5 Questions: Andy Butler

Nathan Beard, Lara Chamas, Caroline Garcia, Steven Rhall, Hari Sivanesan, Priya Srinivasan, TextaQueen.
Curated by Andy Butler.  

We talk to Andy Butler about his upcoming exhibition, ‘Always There and All A Part’.
Developed from a six month Emerging Curatorial Mentorship at BLINDSIDE, ‘Always There and All A Part’ is showing from 6–22 December 2017. The opening night is Thursday 7 December, 6pm – 8pm.

Departures Detail 2.jpg

The Emerging Curatorial Mentorship program piloted this year at BLINDSIDE.  What was involved in the process and development of the exhibition?
The Emerging Curatorial Mentorship program has been an overwhelmingly positive experience for me. I was given a modest budget that was enough to execute an ambitious project, alongside mentorship from curator Emily Cormack. Emily was previously the curator at Gertrude Contemporary, she curated Primavera at the MCA last year, and is curating the TarraWarra Biennial for next year. She really pushed me to think critically about the ideas I was bringing to the project, and the ways that I could challenge them and expand on them through an exhibition.

I came to the mentorship with ideas and concepts about Whiteness in the arts that I’d developed through my writing practice. An article I had published by Overland was the beginning of a set of different projects to explore this theme.

Your exhibition is framed as a critique of institutional Whiteness and structural racism in the Arts sector. How have you seen this manifest itself?
The arts ecology works holistically to exclude minority groups through its culturally homogenous distribution of power. There is an implicit racial hierarchy evident in the sheer lack of non-White bodies in the industry. By large, the arts sector exists within a privileged bubble of participants and audiences who are quite removed from the actual ethnic and cultural demography that exists in the general Australian population.

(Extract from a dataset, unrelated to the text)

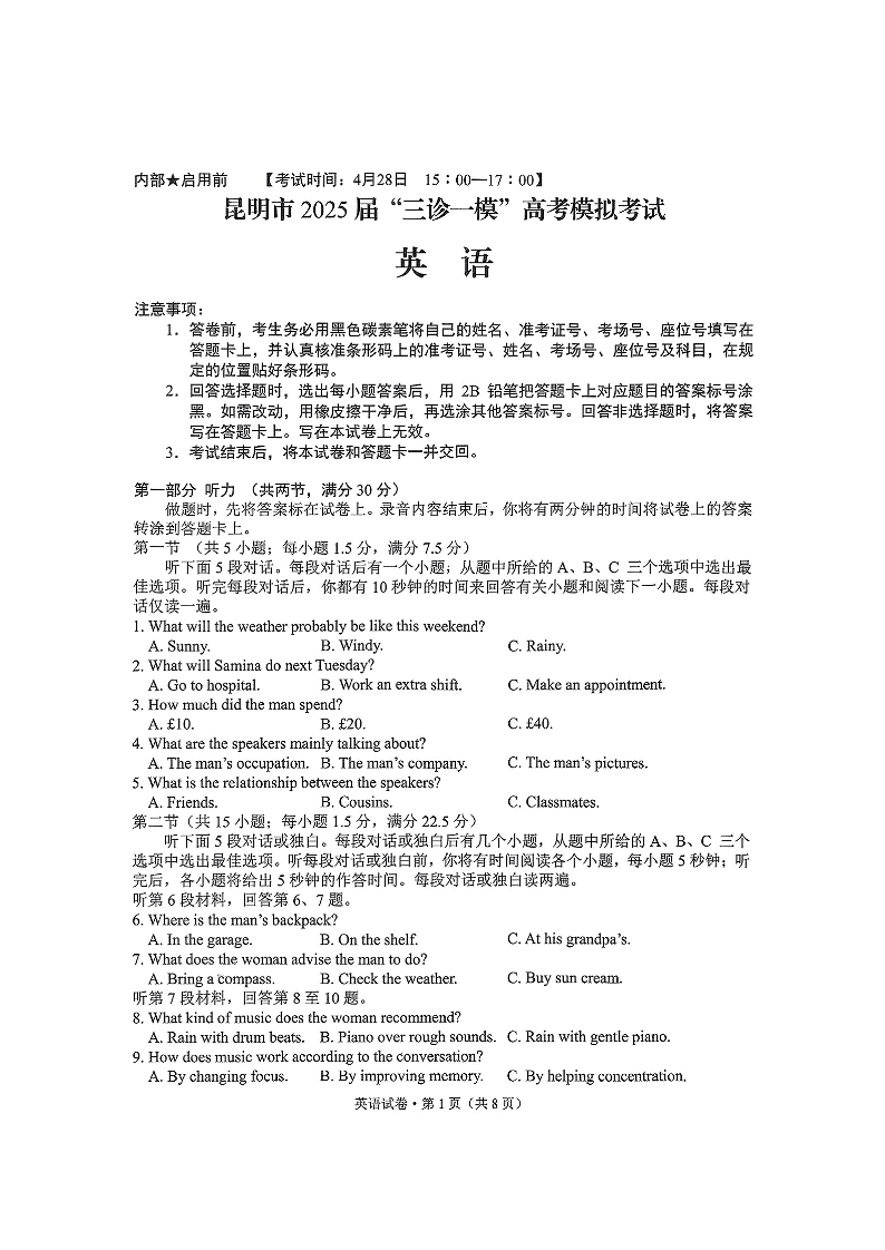 云南省昆明市2024-2025学年“三诊一模”4月高考模拟考试英语

What makes the situation incredibly damaging is that we’re at a point where ‘diversity’ and ‘inclusion’ is on trend. There’s still an unwillingness to acknowledge the structural racism at the heart of the sector. Although conditional invitations are extended to non-White artists to participate, the sort of work which is deemed ‘acceptable’ is informed by a power dynamic where Whiteness always has the final say. In every corner of the arts, the White colonial perspective is centred and privileged.

As you mentioned, ‘diversity and inclusion’ have become quite the buzz words in the arts. Can you speak to the ‘aesthetics of inclusion’ that you often see within White art spaces?
Diversity and inclusion is constructed in a way that keeps White people comfortable, to  allow them to distance themselves  from feeling complicit in structural racism. Talking bluntly about racism in a room full of White people can be a career killer in the Arts, especially when doing so implicates everyone––including the sorts of people and audiences who would see themselves as progressive and open minded.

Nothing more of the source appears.